Gaspar Cassadó i Moreu (30 September or 5 October 1897 – 24 December 1966) was a Spanish  cellist and composer of the early 20th century. He was born in Barcelona to a church musician father, Joaquim Cassadó, and began taking cello lessons at age seven. When he was nine, he played in a recital where Pablo Casals was in the audience; Casals immediately offered to teach him. The city of Barcelona awarded him a scholarship so that he could study with Casals in Paris.

He was also the author of several notable musical hoaxes, notably the "Toccata" that he attributed to Girolamo Frescobaldi.

The personal papers of Cassadó's father are preserved in the Biblioteca de Catalunya. Gaspar's own papers, along with those of his wife, the pianist , are preserved at the Tamagawa University Museum of Education.

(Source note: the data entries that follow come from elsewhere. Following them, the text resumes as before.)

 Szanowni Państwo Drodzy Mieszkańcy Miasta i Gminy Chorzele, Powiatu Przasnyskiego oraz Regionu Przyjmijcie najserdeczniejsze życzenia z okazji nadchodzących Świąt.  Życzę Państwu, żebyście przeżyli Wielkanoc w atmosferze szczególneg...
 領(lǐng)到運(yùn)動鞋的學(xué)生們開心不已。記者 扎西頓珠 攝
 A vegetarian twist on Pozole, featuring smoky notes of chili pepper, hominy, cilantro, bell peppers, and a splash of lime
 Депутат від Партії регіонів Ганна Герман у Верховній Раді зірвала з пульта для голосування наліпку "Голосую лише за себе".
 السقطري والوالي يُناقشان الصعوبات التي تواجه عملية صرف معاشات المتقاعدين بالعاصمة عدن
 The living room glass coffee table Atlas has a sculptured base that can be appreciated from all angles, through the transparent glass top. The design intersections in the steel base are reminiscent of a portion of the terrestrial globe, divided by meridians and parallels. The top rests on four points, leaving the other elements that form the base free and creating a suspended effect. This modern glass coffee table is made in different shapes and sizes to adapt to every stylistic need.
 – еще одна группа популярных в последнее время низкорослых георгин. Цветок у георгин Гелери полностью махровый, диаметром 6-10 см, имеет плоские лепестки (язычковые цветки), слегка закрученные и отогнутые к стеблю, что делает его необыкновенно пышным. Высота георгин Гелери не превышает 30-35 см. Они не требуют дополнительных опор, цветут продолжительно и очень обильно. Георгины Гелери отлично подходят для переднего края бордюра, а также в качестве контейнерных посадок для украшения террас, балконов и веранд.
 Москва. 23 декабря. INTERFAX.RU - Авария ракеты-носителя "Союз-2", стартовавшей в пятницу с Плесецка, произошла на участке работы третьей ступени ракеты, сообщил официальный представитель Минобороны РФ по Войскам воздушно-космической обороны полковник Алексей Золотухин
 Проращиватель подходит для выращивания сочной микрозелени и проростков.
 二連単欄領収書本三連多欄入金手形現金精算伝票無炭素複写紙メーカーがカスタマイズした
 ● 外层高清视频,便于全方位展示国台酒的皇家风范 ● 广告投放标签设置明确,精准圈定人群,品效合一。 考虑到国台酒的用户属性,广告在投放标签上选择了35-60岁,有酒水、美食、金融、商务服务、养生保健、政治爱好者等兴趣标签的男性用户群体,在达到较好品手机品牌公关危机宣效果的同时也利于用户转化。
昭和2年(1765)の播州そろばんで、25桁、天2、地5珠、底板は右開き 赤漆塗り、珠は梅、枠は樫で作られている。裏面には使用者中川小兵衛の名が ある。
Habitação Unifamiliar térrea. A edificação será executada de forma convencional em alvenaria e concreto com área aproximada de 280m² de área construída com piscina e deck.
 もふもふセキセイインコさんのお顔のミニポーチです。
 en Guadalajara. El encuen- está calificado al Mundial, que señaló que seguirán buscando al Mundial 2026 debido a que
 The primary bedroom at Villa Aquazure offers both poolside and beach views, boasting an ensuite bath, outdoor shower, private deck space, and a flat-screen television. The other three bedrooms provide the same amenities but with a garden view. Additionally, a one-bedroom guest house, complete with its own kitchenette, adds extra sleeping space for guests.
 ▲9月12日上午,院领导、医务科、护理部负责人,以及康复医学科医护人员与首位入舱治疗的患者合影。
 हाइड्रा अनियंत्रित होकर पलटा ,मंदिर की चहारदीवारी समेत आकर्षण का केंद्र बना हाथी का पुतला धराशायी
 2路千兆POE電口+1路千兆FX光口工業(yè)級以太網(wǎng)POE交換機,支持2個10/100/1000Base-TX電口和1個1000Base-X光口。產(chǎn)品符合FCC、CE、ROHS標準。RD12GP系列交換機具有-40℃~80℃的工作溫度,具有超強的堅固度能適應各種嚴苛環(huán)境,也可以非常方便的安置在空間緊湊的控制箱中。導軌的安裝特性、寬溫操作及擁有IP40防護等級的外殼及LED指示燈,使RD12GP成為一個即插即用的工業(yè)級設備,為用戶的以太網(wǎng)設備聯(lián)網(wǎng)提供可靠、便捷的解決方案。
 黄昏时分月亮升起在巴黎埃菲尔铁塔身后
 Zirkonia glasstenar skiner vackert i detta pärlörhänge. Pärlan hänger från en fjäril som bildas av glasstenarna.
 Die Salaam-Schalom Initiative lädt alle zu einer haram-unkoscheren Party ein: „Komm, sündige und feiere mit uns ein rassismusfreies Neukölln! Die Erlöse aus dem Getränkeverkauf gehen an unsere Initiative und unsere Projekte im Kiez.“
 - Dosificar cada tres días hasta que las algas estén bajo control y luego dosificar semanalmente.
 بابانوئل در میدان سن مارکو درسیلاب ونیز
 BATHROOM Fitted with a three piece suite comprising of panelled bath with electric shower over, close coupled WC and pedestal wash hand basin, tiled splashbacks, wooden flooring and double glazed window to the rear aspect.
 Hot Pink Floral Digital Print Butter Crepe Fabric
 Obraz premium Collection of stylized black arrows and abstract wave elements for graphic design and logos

On the invitation of his great friend Alicia de Larrocha, with whom he had a cello-piano duo (touring extensively with him from 1956–58), Gaspar Cassado played concerts and led frequent classes at Academia Marshall in Barcelona. The Professor of Cello chair at Academia Marshall is named after Gaspar Cassado and held since 2018 by Professor Jacob Shaw.

Compositions

Original works
Cassadó's many transcriptions are listed below his original works.

Concertos
Cello Concerto in D minor (1926)
This piece, like the Suite for Cello Solo, is influenced by Spanish and Oriental folk music, and Impressionism. Cassadó studied composition with Maurice Ravel, and a Ravel-influenced "carnival music" appears in the second theme of the first movement. The second movement is a theme and variations which leads directly to a pentatonic Rondo.

Solo cello works
Suite for Cello Solo
The Suite, like the Cello Concerto and the Piano Trio, came from one Cassadó's most prolific periods, in the mid-1920s. It consists of three dance movements: Preludio-Fantasia (a Zarabanda); Sardana; and Intermezzo e Danza Finale (a Jota). The first movement includes quotations from Zoltán Kodály's Sonata for Cello Solo, Op. 8, and the famous flute solo from Maurice Ravel's ballet Daphnis et Chloé. The sardana of the second movement is a traditional dance from Catalonia. 
Fugue in the Style of Handel

Solo guitar works
Canción de Leonardo
Catalanesca
Dos Cantos Populares Finlandeses (Two Finnish Folk Songs)
Leyenda Catalana
Préambulo y Sardana
Sardana Chigiana

Works for cello and piano
Allegretto Grazioso "After Schubert"
Archares 1954
Danse du diable vert (Dance of the Green Devil) for violin or cello 1926
La Pendule, la Fileuse et le Galant 1925
Lamento de Boabdil 1931
Minuetto "After Paderewski"
Morgenlied 1957
Partita 1935
Pastorale "After Couperin"
Rapsodia del Sur
Requiebros 1934

Serenade 1925
Sonata in A minor 1925
Sonata nello stile antico spagnuolo (Sonata in an "Old Spanish Style") 1925
Toccata "After Frescobaldi" 1925

Chamber works
Piano Trio in C major 1926/1929
String Quartet No. 1 in F minor 1929
String Quartet No. 2 in G major 1930
String Quartet No. 3 in C minor 1933

Transcriptions

Concerto transcriptions
Cello Concerto in F major, based on Carl Philipp Emanuel Bach's Concerto No. 3 in A major, Wq. 172
Cello Concerto in D major, based on Mozart's Horn Concerto No. 3 in E flat major, K. 447
Cello Concerto in A minor, based on Schubert's Arpeggione Sonata, D. 821
Cello Concerto in E major, based on Tchaikovsky's Piano Pieces, Op. 72 (1940)
Cassadó transformed nine of Tchaikovsky's pieces into a concerto. He used No. 18 Scene dansante (Invitation au trepak), No. 3 Tendres Reproches and No. 14 Chant Elegiaque in the first movement; No. 5 Meditation and No. 8 Dialogue in the second and No. 4 Danse Caracteristique, No. 2 Berceuse, No. 17 Passe Lointain and No. 1 Impromptu in the third. This concerto was a favorite of Cassadó's. It was published in 1940 by Edition Schott No. 3743.
Cello Concerto in D major, based on Weber's Clarinet Concerto No. 2 in E-flat major, Op. 74
Cello Concerto in E minor, based on Vivaldi's Cello Sonata No. 5, RV. 40
Guitar Concerto in E major, based on Boccherini's Concerto No. 2 in D major, G. 479
Cassadó completely rewrote the Concerto for his colleague Andrés Segovia. The transcription features a solo string quartet, and trumpet fanfares make it reminiscent of Rodrigo.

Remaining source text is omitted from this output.